Work required:
Repeat the data below exactly, dropping any pictures it holds.
:: Recorded data ::
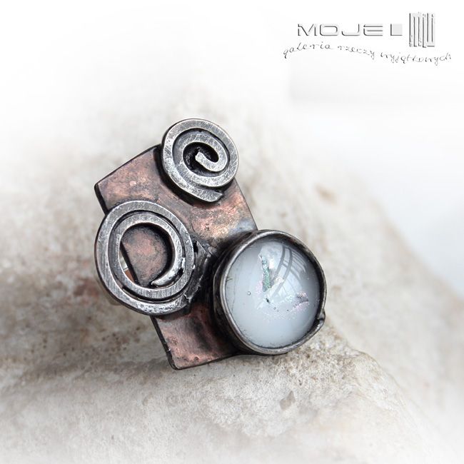 Pierścionek z miedzi, ozdobiony białym, delikatnie opalizującym okiem ze szkła. Szkło wypaliłam metodą fusingu w temperaturze 800 stopni, przez co jest trwałe i mniej podatne na zarysowania.
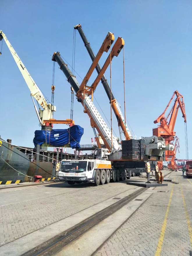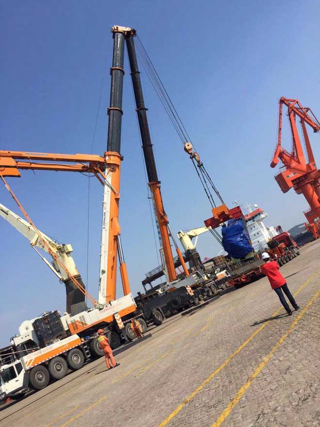 當前位置:首頁 » 工程案例展示 » 500噸吊車助力青島港設備搬運裝卸施工現場
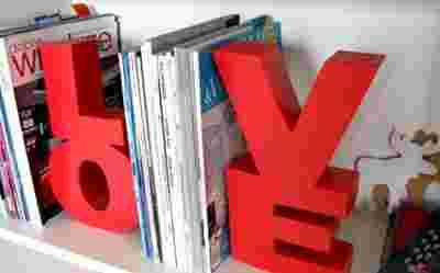 Napis LOVE drewniane litery Podpórka pod książki
:::
Written response:
 Pierścionek z miedzi, ozdobiony białym, delikatnie opalizującym okiem ze szkła. Szkło wypaliłam metodą fusingu w temperaturze 800 stopni, przez co jest trwałe i mniej podatne na zarysowania.
 當前位置:首頁 » 工程案例展示 » 500噸吊車助力青島港設備搬運裝卸施工現場
 Napis LOVE drewniane litery Podpórka pod książki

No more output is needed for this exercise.